NLM logo

CHV (Consumer Health Vocabulary) - Metathesaurus Representation


VSAB:   CHV2011_02


Summary of Changes

No changes were made to the release format of CHV or the processing for the 2012AA Metathesaurus.  Updates to the CHV content primarily consisted of deletion and/or correction of misspelled terms. 

In the previous version, CHV term values with potential spelling errors were identified by setting MRCONSO.SUPPRESS="E".   There are 20 atoms remaining with SUPPRESS="E" however these will be reviewed in future versions to determine if they should be changed to "N".


Source Provided Files:

Documentation:
File
Description
http://www.consumerhealthvocab.org/ source website
ReadMe.doc
README file
Data:
File
Description
CHV_concepts_terms_flatfile_20110204.tsv Tab-separated data file

Identifiers:

Identifiers are assigned as follows:
  • CODE: CHV_concept_id
  • SAUI:  CHV_string_id
  • SCUI:  CHV_concept_id
  • SDUI:  Not applicable

Atoms (MRCONSO):

Term Type Origin
PT

CODE:  CHV_concept_id
STR: Term
SAUI:   CHV_string_id
SCUI: CHV_concept_id

TTY= PT is assigned where CHV_preferred_name="yes"

SY
CODE:  CHV_concept_id
STR: Term
SAUI:   CHV_string_id
SCUI: CHV_concept_id

TTY=SY is assigned where CHV_preferred_name="no"

Attributes (MRSAT):

Note: All score attributes have a range 0 to 1 (a higher score implies the term is easier). A value of -1 indicates the score could not be estimated.

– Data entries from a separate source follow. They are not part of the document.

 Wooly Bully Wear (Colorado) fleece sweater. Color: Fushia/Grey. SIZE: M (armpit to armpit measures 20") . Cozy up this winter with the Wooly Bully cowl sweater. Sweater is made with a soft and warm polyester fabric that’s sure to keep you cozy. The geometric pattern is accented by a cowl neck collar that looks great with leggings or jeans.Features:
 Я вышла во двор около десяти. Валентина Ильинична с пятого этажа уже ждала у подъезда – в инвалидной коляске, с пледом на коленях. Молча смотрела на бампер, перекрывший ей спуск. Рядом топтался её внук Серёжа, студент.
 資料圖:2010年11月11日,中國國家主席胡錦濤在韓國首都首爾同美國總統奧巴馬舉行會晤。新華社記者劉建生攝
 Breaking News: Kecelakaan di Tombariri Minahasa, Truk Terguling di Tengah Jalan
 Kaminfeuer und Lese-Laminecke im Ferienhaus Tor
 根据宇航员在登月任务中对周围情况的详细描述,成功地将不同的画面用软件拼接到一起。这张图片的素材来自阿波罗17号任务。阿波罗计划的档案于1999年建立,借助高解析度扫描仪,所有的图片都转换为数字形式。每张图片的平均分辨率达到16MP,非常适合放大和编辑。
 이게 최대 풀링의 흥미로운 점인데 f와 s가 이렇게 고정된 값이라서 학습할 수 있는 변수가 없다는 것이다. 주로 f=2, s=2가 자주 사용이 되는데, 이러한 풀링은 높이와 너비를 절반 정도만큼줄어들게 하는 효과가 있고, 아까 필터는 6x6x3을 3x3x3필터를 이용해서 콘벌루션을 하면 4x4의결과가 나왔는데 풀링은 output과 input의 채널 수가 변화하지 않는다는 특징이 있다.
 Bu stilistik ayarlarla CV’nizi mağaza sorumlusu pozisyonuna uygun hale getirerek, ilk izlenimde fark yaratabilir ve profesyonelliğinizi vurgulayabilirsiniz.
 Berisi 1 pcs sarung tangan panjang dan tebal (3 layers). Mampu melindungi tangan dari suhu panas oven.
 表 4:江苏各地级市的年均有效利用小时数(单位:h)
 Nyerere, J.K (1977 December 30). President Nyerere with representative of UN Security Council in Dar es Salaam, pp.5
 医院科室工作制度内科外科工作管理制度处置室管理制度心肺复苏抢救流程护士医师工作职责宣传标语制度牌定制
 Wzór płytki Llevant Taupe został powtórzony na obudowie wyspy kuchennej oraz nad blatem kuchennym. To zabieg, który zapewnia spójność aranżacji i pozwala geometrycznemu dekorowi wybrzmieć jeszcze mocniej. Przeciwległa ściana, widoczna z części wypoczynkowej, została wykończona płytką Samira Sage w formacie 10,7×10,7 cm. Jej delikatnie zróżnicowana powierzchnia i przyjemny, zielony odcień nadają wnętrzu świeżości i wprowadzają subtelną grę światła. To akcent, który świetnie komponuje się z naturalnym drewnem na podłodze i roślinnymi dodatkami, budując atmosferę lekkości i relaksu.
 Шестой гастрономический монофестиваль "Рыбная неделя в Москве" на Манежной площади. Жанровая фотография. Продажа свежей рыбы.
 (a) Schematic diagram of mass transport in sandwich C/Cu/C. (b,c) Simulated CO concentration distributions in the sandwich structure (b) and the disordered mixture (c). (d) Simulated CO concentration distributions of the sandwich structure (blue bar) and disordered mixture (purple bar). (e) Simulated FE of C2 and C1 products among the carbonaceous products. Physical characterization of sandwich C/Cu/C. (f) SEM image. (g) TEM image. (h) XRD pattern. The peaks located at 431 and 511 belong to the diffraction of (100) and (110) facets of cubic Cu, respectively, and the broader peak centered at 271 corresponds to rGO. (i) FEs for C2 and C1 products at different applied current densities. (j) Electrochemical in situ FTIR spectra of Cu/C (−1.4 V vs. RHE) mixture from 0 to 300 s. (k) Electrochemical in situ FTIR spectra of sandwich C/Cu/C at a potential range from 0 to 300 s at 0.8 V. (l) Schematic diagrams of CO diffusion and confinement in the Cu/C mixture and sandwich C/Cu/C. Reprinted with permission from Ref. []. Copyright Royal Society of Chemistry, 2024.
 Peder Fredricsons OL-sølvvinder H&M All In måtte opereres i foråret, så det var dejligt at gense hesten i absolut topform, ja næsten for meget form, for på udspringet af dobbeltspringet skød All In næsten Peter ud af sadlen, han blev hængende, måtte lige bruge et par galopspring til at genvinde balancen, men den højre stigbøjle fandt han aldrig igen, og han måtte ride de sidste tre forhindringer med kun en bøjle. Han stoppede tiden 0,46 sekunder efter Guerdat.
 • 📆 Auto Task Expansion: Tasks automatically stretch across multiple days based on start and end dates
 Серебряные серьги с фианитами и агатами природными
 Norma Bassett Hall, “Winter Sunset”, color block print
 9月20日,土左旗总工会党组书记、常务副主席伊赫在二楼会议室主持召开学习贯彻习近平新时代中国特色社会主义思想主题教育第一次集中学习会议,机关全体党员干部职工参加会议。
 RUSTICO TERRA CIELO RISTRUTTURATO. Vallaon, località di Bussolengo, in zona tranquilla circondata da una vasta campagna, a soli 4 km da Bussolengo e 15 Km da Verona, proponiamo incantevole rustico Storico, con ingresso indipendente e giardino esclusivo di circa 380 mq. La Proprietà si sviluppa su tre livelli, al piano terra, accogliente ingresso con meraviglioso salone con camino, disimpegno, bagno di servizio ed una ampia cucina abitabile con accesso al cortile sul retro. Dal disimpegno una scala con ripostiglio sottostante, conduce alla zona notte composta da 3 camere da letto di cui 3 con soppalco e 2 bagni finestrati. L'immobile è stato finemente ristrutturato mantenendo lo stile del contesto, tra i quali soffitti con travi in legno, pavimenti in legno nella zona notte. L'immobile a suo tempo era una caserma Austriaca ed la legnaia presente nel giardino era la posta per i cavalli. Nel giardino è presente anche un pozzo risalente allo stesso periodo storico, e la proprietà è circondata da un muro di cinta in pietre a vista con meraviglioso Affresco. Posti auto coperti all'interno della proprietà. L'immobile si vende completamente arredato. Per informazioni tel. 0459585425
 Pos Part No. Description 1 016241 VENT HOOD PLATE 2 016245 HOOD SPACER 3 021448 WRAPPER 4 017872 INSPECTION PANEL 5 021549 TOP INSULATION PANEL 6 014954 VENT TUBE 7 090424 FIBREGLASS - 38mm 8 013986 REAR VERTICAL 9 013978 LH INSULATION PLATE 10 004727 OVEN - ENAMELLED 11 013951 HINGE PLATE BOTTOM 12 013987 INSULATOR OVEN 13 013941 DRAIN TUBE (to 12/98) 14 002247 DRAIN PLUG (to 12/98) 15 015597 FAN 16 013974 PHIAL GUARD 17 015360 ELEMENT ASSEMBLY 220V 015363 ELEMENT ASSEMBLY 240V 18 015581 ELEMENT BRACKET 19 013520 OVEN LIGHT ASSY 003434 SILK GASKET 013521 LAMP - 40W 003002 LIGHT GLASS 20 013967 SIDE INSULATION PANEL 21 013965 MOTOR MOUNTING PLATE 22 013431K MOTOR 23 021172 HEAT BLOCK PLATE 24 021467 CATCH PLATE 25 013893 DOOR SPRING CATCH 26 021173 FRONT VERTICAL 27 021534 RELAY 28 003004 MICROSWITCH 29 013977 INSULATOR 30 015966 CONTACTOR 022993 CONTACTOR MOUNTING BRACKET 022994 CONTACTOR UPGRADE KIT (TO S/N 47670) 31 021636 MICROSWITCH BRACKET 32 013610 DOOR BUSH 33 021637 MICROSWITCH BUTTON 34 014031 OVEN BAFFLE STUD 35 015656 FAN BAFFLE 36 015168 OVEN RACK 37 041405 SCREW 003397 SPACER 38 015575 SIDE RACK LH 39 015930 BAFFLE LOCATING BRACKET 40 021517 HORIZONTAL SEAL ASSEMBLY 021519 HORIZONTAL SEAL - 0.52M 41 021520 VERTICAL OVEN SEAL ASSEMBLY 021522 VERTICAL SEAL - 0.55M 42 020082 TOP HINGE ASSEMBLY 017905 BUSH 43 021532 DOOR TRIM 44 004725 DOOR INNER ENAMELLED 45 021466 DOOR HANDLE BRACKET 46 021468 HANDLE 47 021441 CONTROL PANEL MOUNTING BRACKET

Attribute Name Description
Origin
COMBO_SCORE
Combination of frequency, context and CUI scores.  Also uses whether or not the term is a top word.  (real number)
Combo_score
COMBO_SCORE_NO_TOP_WORDS
A slight modification to Combo_score that ignores top word criterion.  The top word list is a list of easy words from the Dale-Chall list. (real number)
Combo_score_no_top_words
CONTEXT_SCORE
Context based estimate of the difficulty of the term.  (real number)
Context_score
CUI_SCORE
Estimate of the difficulty of the concept (CUI) derived from determining how closely related the concept is to known examples of easy and difficult concepts. (real number)
CUI_score
DISPARAGED A value of "yes" in the CHV data indicates a misspelling or other abnormality.  For this version, disparaged terms were not processed, so all cases of ATN="DISPARAGED" have ATV="no" Disparaged field (yes/no flag)
FREQUENCY
Estimate of thedifficulty of a term, i.e. how likely it is that an average reader will be familiar with or understand a given term.  Based on the frequency in several large text corpora.  A higher score indicates that a term is more familiar (less difficult).   (real number)
Frequency_score

Definitions (MRDEF):

Definitions are created from data in the "Explanation" field.


Relationships (MRREL):


No relationships are processed for this version of CHV

Mappings (MRMAP):

No relationships to other sources are processed for this version of CHV, however UMLS CUI data was used to assess possible synonymy.